Chaos Engineering Approaches

Proactively testing for consistency issues can help identify problems before they affect users. Consider these testing approaches:

Simulate network partitions: Use tools like Toxiproxy or Chaos Monkey to introduce network failures between your application and your messaging system or database.
Test recovery mechanisms: Force failures at various points in your transaction flow and verify that your system recovers to a consistent state.
Measure consistency levels under stress: Introduce high load while simultaneously degrading infrastructure performance, then measure how consistency holds up.

These tests often reveal that dual write approaches fail to maintain consistency under realistic failure conditions, highlighting the need for more robust patterns.

Principles

Implementation Approaches for the Outbox Pattern

When implementing the outbox pattern, you need a reliable mechanism to move messages from your outbox table to Kafka. Let’s explore the two primary approaches through practical examples.

Polling-Based Implementation

The polling approach resembles how many teams initially implement the outbox pattern. Imagine an e-commerce company that has just implemented an outbox table for their order service:

// OrderService.java
@Transactional
public void createOrder(Order order) {
    // Save the order to the orders table
    orderRepository.save(order);
    
    // Create an outbox message
    OutboxEvent event = new OutboxEvent(
        UUID.randomUUID(),
        "Order",
        order.getId().toString(),
        objectMapper.writeValueAsString(orderToEventMapper.toEvent(order))
    );
    
    // Save the outbox message in the same transaction
    outboxRepository.save(event);
}

This works initially, but as their order volume grows, they encounter problems. During a flash sale, a long-running transaction creates an order with position 157, while several quick transactions create orders with positions 158, 159, and 160. Their polling job picks up positions 158-160 first, but misses 157 because it’s not yet committed. By the next polling cycle, they’re looking for position > 160, completely skipping order 157.

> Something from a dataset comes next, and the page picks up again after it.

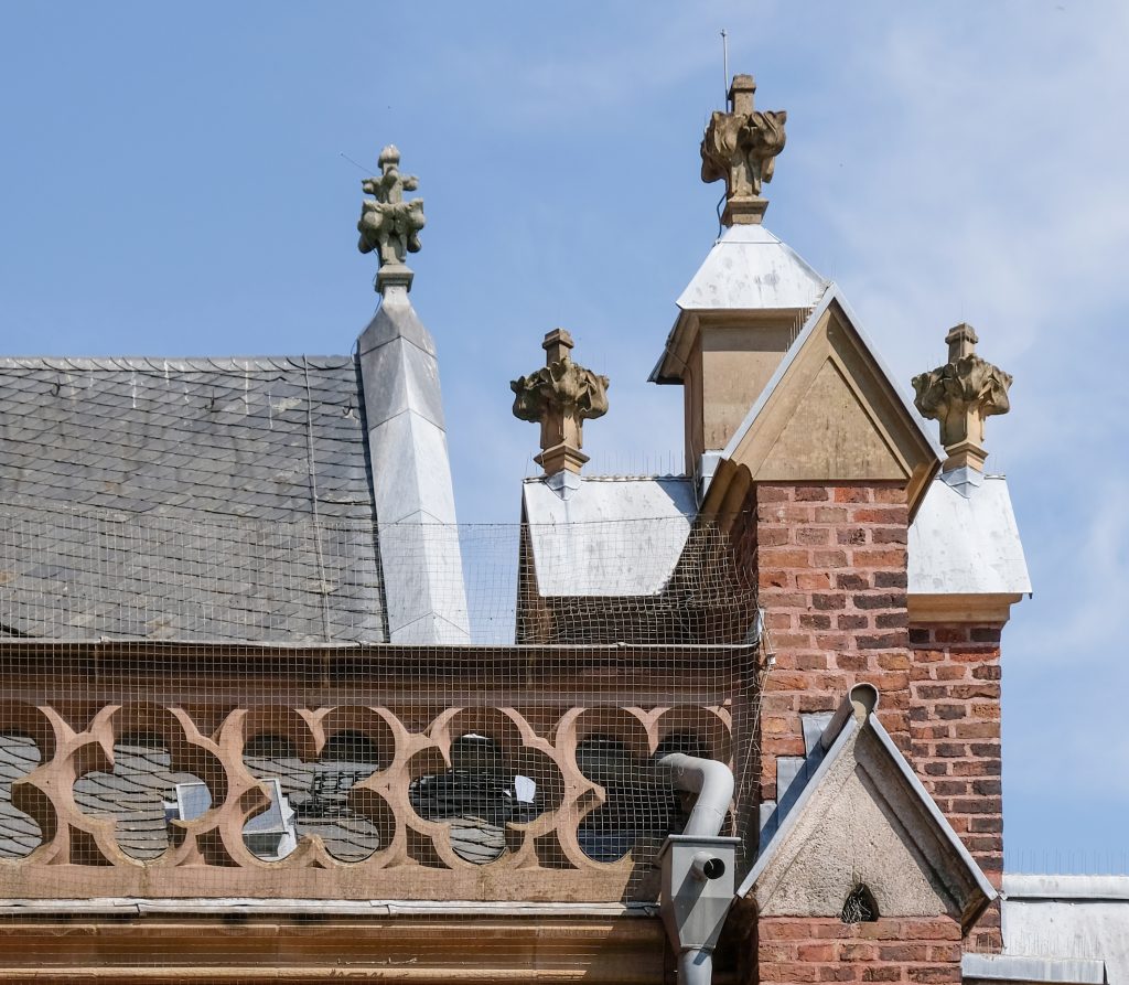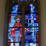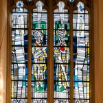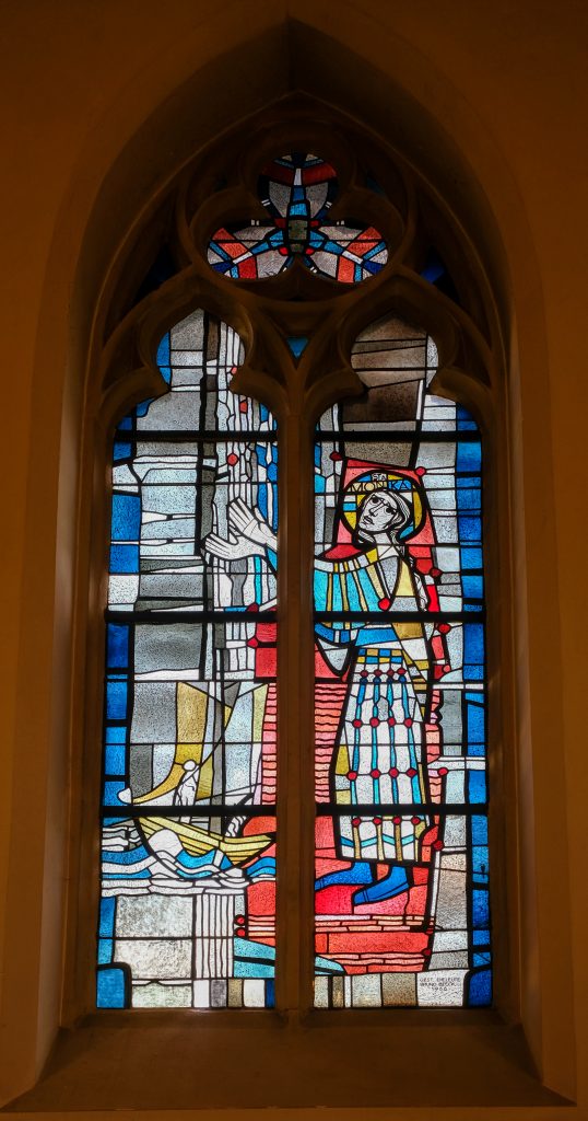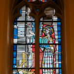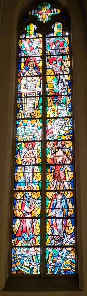 Im Querschiff befinden sich zwei große, dreistäbige Fenster. Sie zeigen Heilige:
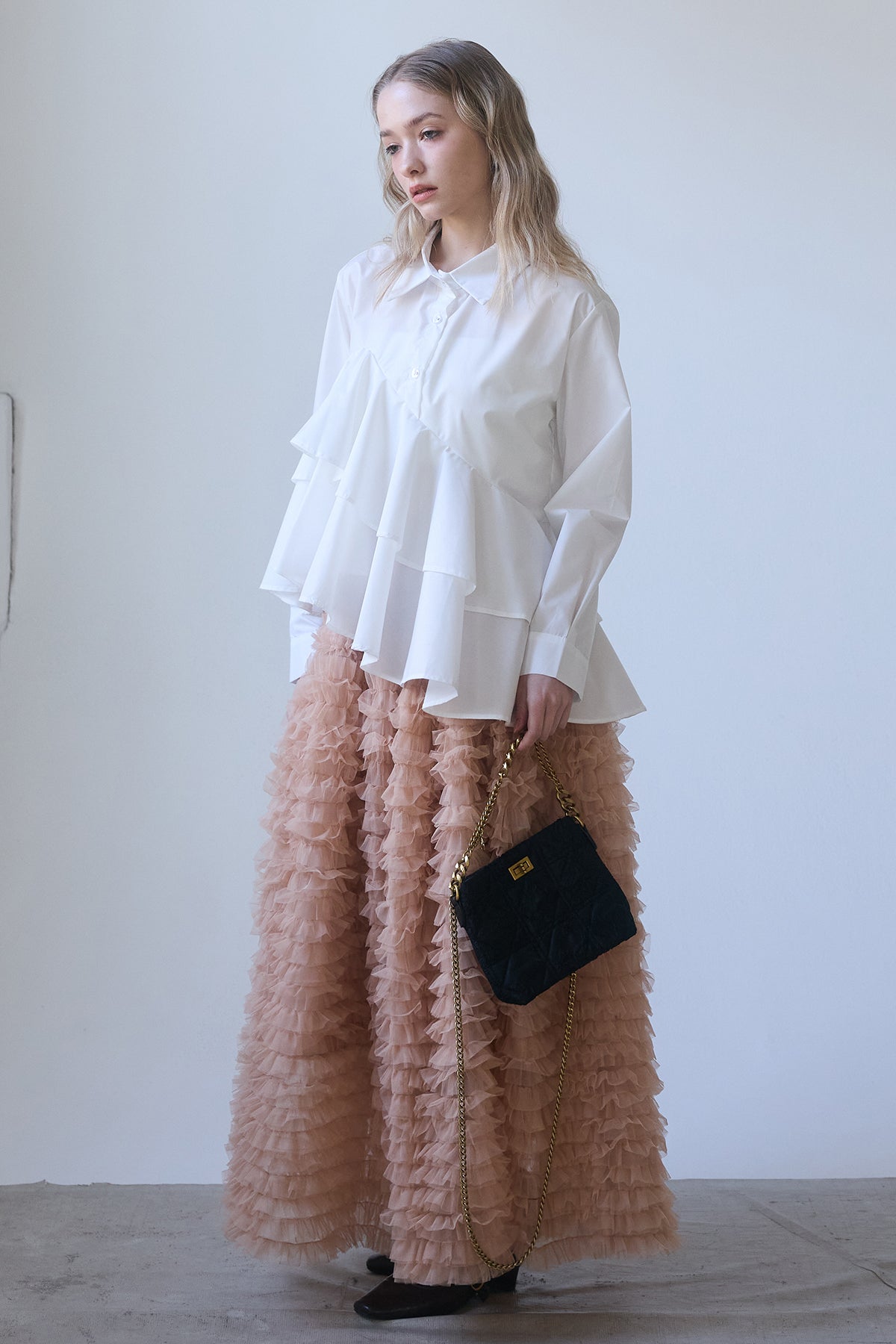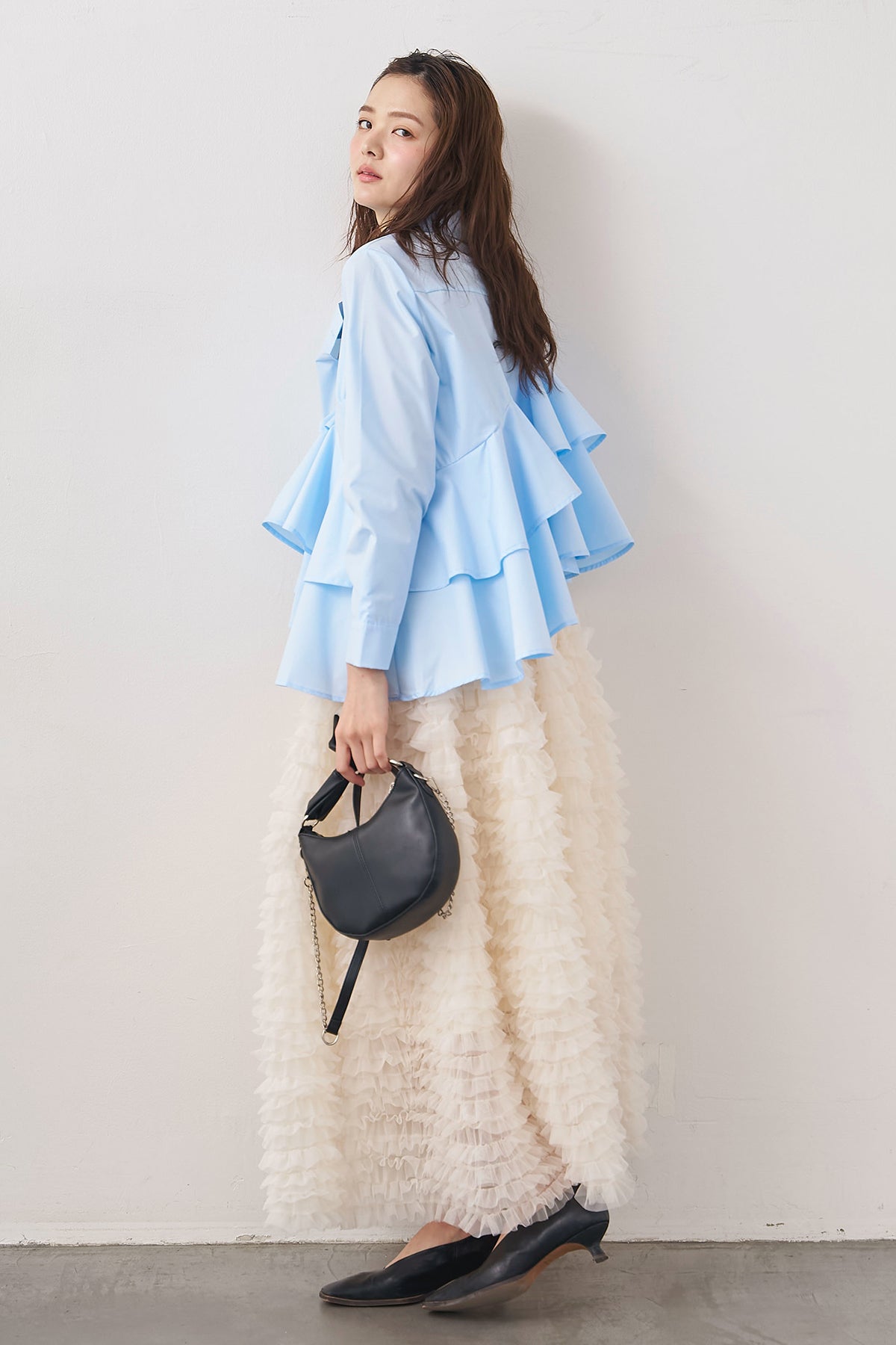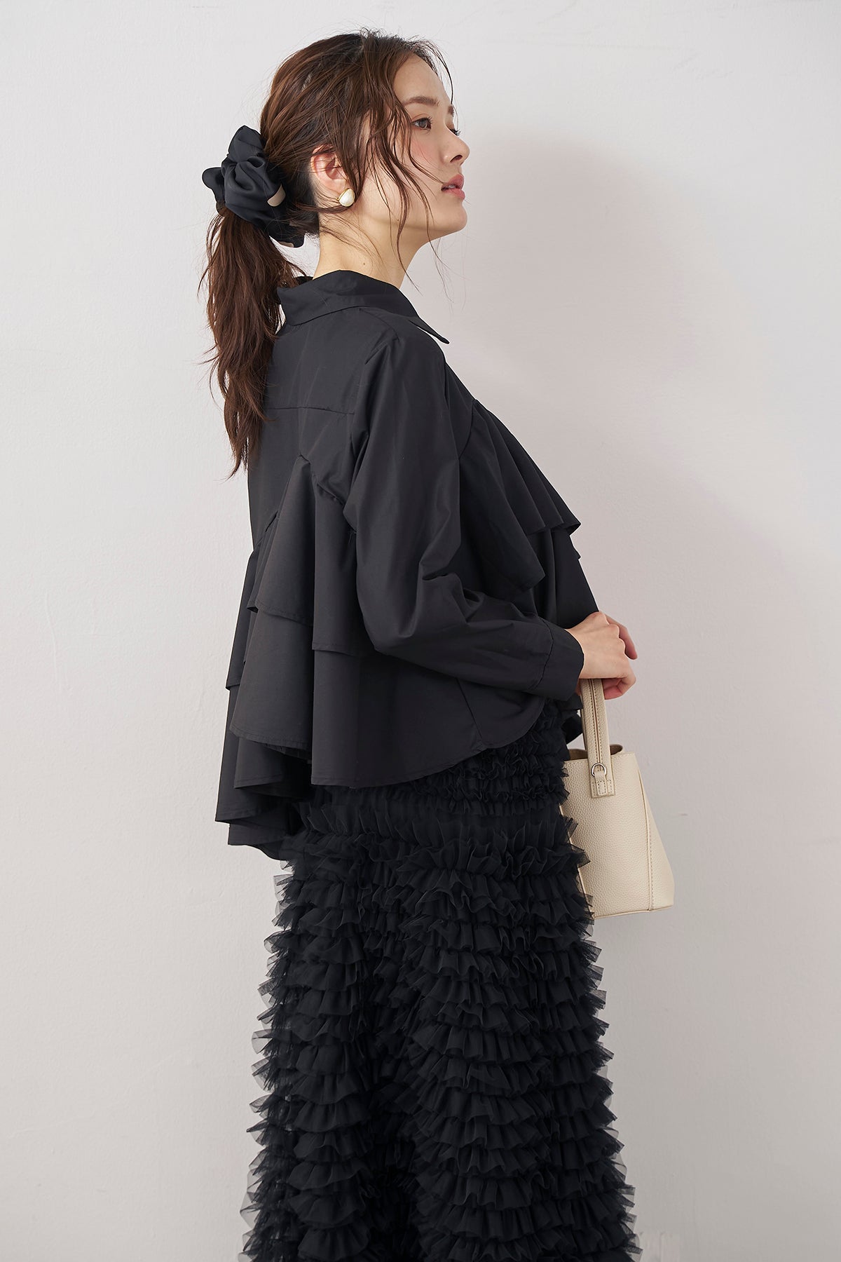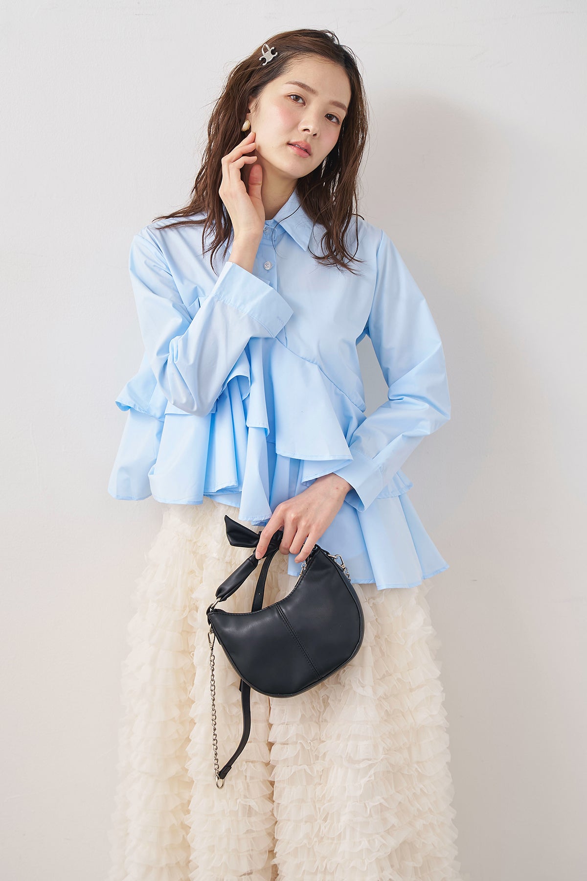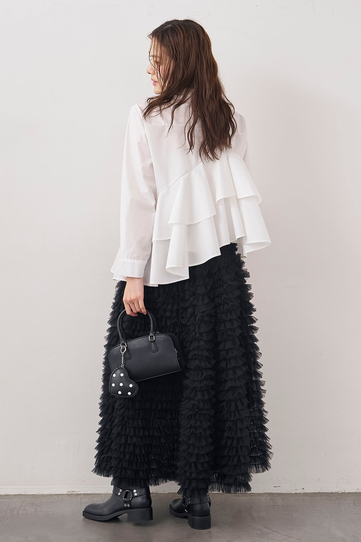 [予約/SET]アシメフリルティアードシャツ+ホイップチュールティアードスカート(2set)

They also struggle with the polling frequency—when set to 5 seconds, customers complain about shipping notification delays. When reduced to 1 second, their database starts showing increased load during peak hours.

Log-Based Change Data Capture (CDC)

After encountering these issues, the team switches to a log-based CDC approach using Debezium. They modify their database configuration to enable replication slots (for Postgres) and set up Debezium with Kafka Connect:

{
  "name": "orders-connector",
  "config": {
    "connector.class": "io.debezium.connector.postgresql.PostgresConnector",
    "database.hostname": "postgres",
    "database.port": "5432",
    "database.user": "debezium",
    "database.password": "dbz",
    "database.dbname": "orders",
    "database.server.name": "ecommerce",
    "table.include.list": "public.outbox_events",
    "transforms": "outbox",
    "transforms.outbox.type": "io.debezium.transforms.outbox.EventRouter",
    "transforms.outbox.table.fields.additional.placement": "aggregate_id:header:aggregate_id",
    "transforms.outbox.route.topic.replacement": "${routedByValue}-events",
    "transforms.outbox.table.field.event.key": "aggregate_id",
    "transforms.outbox.table.field.event.value": "payload",
    "transforms.outbox.table.field.route": "aggregate_type"
  }
}

With this configuration, Debezium reads changes directly from the database’s transaction log. When the team compares their old and new approaches during another flash sale, they see dramatic improvements:

Events are captured in the exact order they were committed, ensuring that if Order A was committed before Order B, the events arrive in Kafka in that same order
No events are missed, even during high-volume periods, as the transaction log contains every committed change
Latency drops from seconds to milliseconds, as events are captured almost immediately after commit
Database load decreases since there’s no need for frequent, potentially expensive queries

The team also simplifies their code. Their order service looks almost identical, but they completely eliminate their polling service. Instead, Debezium handles extracting events and publishing them to Kafka.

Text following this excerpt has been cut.